Bioidentical Hormones 101 
The Book, by Jeffrey Dach MD

55. Low Dose Naltrexone

Chapter 55. Low Dose Naltrexone LDN - The Latest Medical Scandal and Outrage

The Greatest Medical Discovery of the Century

No doubt, future medical history books will look back at the 20th century and conclude that the great medical discovery was the opiate receptor system in the brain, the brain’s own production of these compounds called, endorphins, or endogenous opioids.  The widespread medicinal use of the morphine class of opioid narcotics for pain relief is due to the fact that opioid receptors already exist in the brain and nervous system. The opioid drugs flood these receptors, blocking pain and sedating the nervous system.(1)  Another key discovery was made quietly without fanfare by a humble New York internist, Bernard Bihari in the 1970’s. (2-3)  While working with drug addicts, he noted a beneficial effect from temporary blockade of opioid receptors, which produced a rebound increase in endogenous opioid production.   The opioid blocking drug he used is called Naltrexone, an FDA approved drug developed by the government as part of its “War Against Drugs” campaign.(1-3)

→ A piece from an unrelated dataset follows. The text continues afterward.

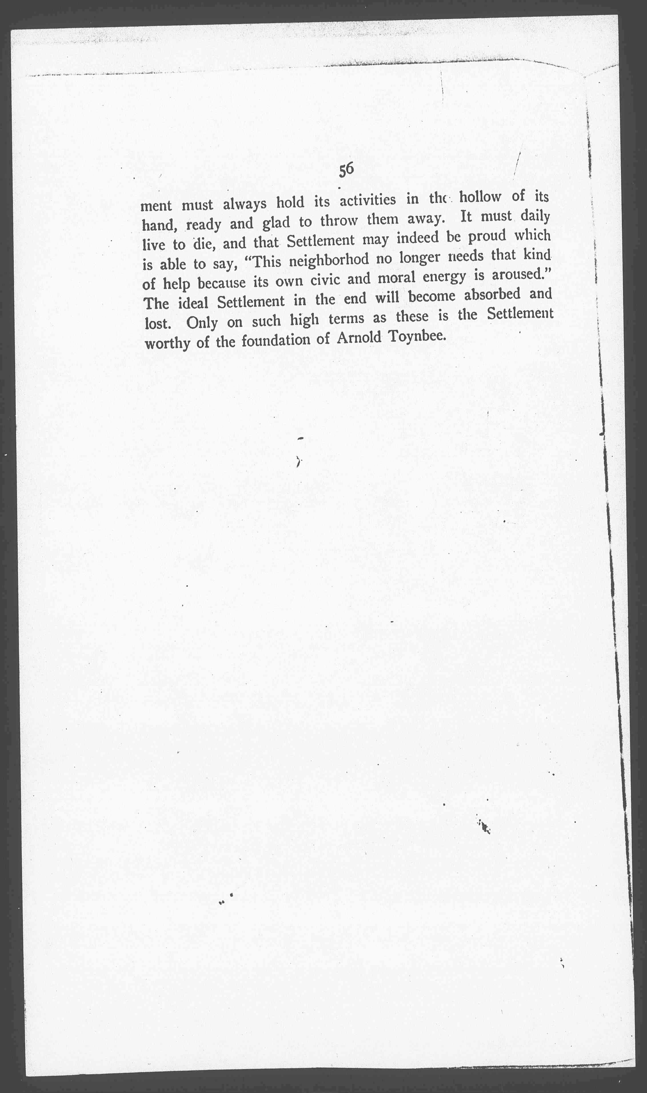 There is room in a Settlement for all sorts of social creeds. The man who believes that there is no use in the smaller activities because social affairs are so bad and so huge that only the city or state can cope with them, will some day find himself lifting his hat before the august spectacle of a fine and delicate character, [molded] in the most abject surroundings. The man who says that nothing is really accomplished by state activity and that we must concentrate our care upon the individual will some day find his heart breaking to see a child of promise and power broken down by sheer weight of overwork and over-hours, and he will be forced to admit that nothing but state regulation can prevent the premature thrusting of children into industry and the shocking social waste which follows; or he will see a family lately emigrated and full of the vigor of country life gradually growing pale and ill and dropping out one by one from their places in the community from sheer lack of decent air and light in the house they occupy, and he will appeal to the city [page 5] for better regulation and enforcement of tenement house laws in blank despair of individual effort.

This largely ignored and inexpensive off-patent drug called LDN has been used with great success over the past 20 years by various renegade physicians to cure or induce remissions in a host of seemingly unrelated diseases such as Multiple Sclerosis (4-6), Crohn's Disease (7), Systemic Lupus, Rheumatoid Arthritis, Pancreatic Cancer and Lymphoma.  LDN has also been found useful in Autism, and halts progression to opportunistic infection in AIDS patients.(1)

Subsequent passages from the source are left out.